REQUIREMENT =>
Any image found in the entries is to be skipped; the rest is returned word for word.

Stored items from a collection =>

┄┄┄┄┄┄┄┄┄┄┄┄┄┄┄┄┄┄┄┄

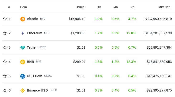 顶级加密货币市值,来自 CoinGecko 的数据,2022-11-30。前六名中的三个是中心化稳定币。
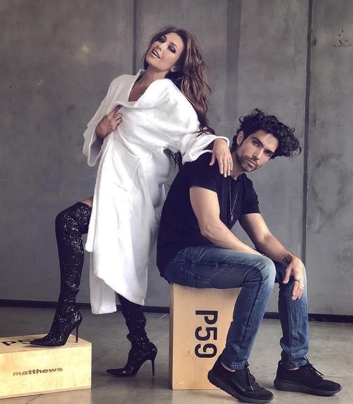 En la imagen se puede apreciar que Thalía se encuentra con una bata de baño y con unas botas negras, pues de una forma cautivadora posó al lado de otro hombre que no es su esposo.
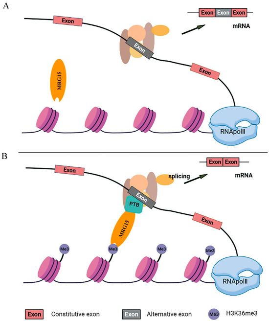 - Luco, R.F.; Pan, Q.; Tominaga, K.; Blencowe, B.J.; Pereira-Smith, O.M.; Misteli, T. Regulation of alternative splicing by histone modifications. Science 2010, 327, 996–1000. [Google Scholar] [CrossRef] [PubMed]
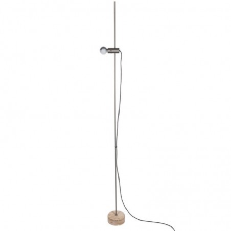 La lampadina è montata su di un meccanismo scorrevole , la base è in travertino .
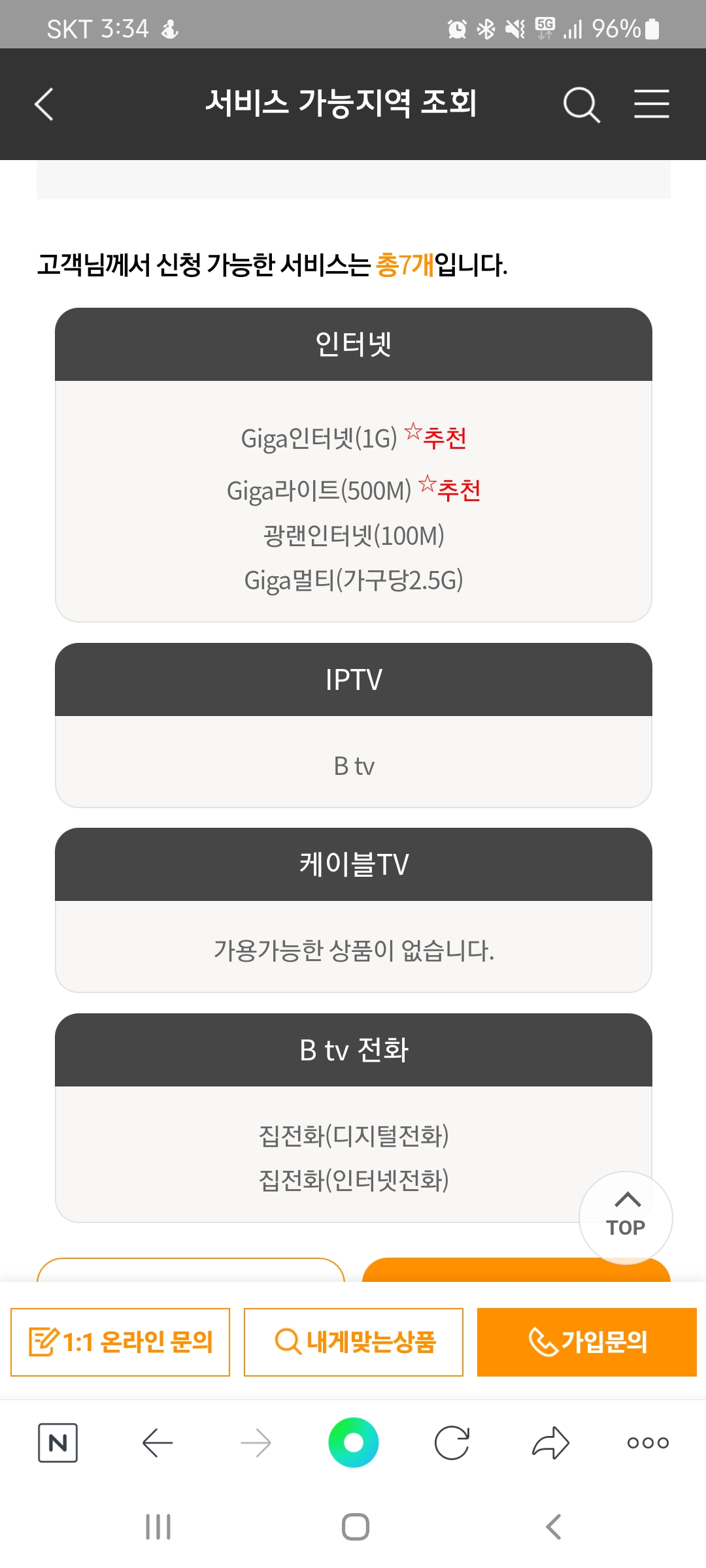 설치가능 여부 및 가입조건을 확인해보시는 것이
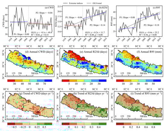 Interannual variations and spatial patterns of extreme precipitation in Nepal (1979–2020). (a–c) interannual variations, (d–f) spatial distribution of multi-year mean, (g–i) spatial distribution of interannual variability. The cross areas in (g–i) indicate significant trend (p < 0.05). CWD is the maximum consecutive wet days, R25d is the number of days with daily rainfall ≥ 25 mm, and R95 is the 95th percentile of precipitation. The year 1996 is marked as a change point as shown by a vertical dashed line. y represents the trend of the entire study period (black dotted line), and Slope (mm yr−1) represent the ordinary least squares (OLS) trend of precipitation during the period before and after 1996 (P1: 1979–1996; P2: 1997–2020), respectively. The red and blue dotted lines indicate that precipitation has a decreasing and increasing trend at different stages, respectively. The regression equation is for the entire study period.
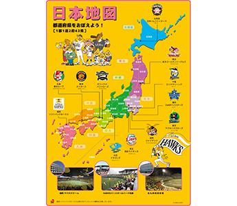 うら面は、学習に役立つ日本地図に、プロ野球12球団の所在地と、ホークス関連施設の所在地を紹介し、楽しく勉強できるデザインにしました。
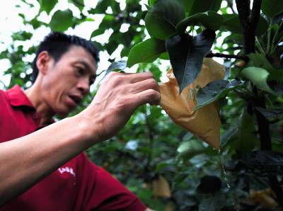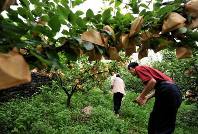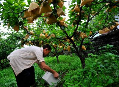 14日,宣恩县椒园镇黄坪村村民姚元祥管理已经过二次套袋的有机黄金梨园。按照有机农产品生产规程、经过两次套袋后的黄金梨标准果,去年市场价达10元/公斤。近年来,地处恩施州腹地的宣恩县致力改变传统农业模式,瞄准有机农产品市场,在农业部、省农业厅、华中农业大学等的支持下,打造”全国知名有机农产品基地”,茶叶、利、白柚等近10万亩农产品基地相继通过欧盟有机食品认证或正处在转换期。本报视界网宋文摄
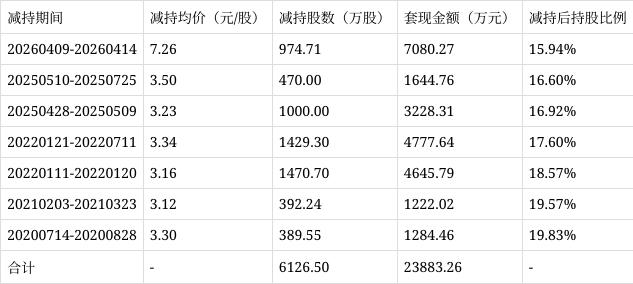 4月16日消息,华电辽能股东辽宁能源投资集团于2026年4月9日至2026年4月14日,通过竞价交易方式减持974.71万股,占总股本的0.66%,占辽宁能源投资集团持股总数的3.99%。套现金额约合7080.27万元。股份来源为参与非公开发行认购所得。截止目前,辽宁能源投资集团持股数量2.35亿股,占总股本比例为15.94%。

┄┄┄┄┄┄┄┄┄┄┄┄┄┄┄┄┄┄┄┄

YOUR SOLUTION =>
 顶级加密货币市值,来自 CoinGecko 的数据,2022-11-30。前六名中的三个是中心化稳定币。
 En la imagen se puede apreciar que Thalía se encuentra con una bata de baño y con unas botas negras, pues de una forma cautivadora posó al lado de otro hombre que no es su esposo.
 - Luco, R.F.; Pan, Q.; Tominaga, K.; Blencowe, B.J.; Pereira-Smith, O.M.; Misteli, T. Regulation of alternative splicing by histone modifications. Science 2010, 327, 996–1000. [Google Scholar] [CrossRef] [PubMed]
 La lampadina è montata su di un meccanismo scorrevole , la base è in travertino .
 설치가능 여부 및 가입조건을 확인해보시는 것이
 Interannual variations and spatial patterns of extreme precipitation in Nepal (1979–2020). (a–c) interannual variations, (d–f) spatial distribution of multi-year mean, (g–i) spatial distribution of interannual variability. The cross areas in (g–i) indicate significant trend (p < 0.05). CWD is the maximum consecutive wet days, R25d is the number of days with daily rainfall ≥ 25 mm, and R95 is the 95th percentile of precipitation. The year 1996 is marked as a change point as shown by a vertical dashed line. y represents the trend of the entire study period (black dotted line), and Slope (mm yr−1) represent the ordinary least squares (OLS) trend of precipitation during the period before and after 1996 (P1: 1979–1996; P2: 1997–2020), respectively. The red and blue dotted lines indicate that precipitation has a decreasing and increasing trend at different stages, respectively. The regression equation is for the entire study period.
 うら面は、学習に役立つ日本地図に、プロ野球12球団の所在地と、ホークス関連施設の所在地を紹介し、楽しく勉強できるデザインにしました。
 14日,宣恩县椒园镇黄坪村村民姚元祥管理已经过二次套袋的有机黄金梨园。按照有机农产品生产规程、经过两次套袋后的黄金梨标准果,去年市场价达10元/公斤。近年来,地处恩施州腹地的宣恩县致力改变传统农业模式,瞄准有机农产品市场,在农业部、省农业厅、华中农业大学等的支持下,打造”全国知名有机农产品基地”,茶叶、利、白柚等近10万亩农产品基地相继通过欧盟有机食品认证或正处在转换期。本报视界网宋文摄
 4月16日消息,华电辽能股东辽宁能源投资集团于2026年4月9日至2026年4月14日,通过竞价交易方式减持974.71万股,占总股本的0.66%,占辽宁能源投资集团持股总数的3.99%。套现金额约合7080.27万元。股份来源为参与非公开发行认购所得。截止目前,辽宁能源投资集团持股数量2.35亿股,占总股本比例为15.94%。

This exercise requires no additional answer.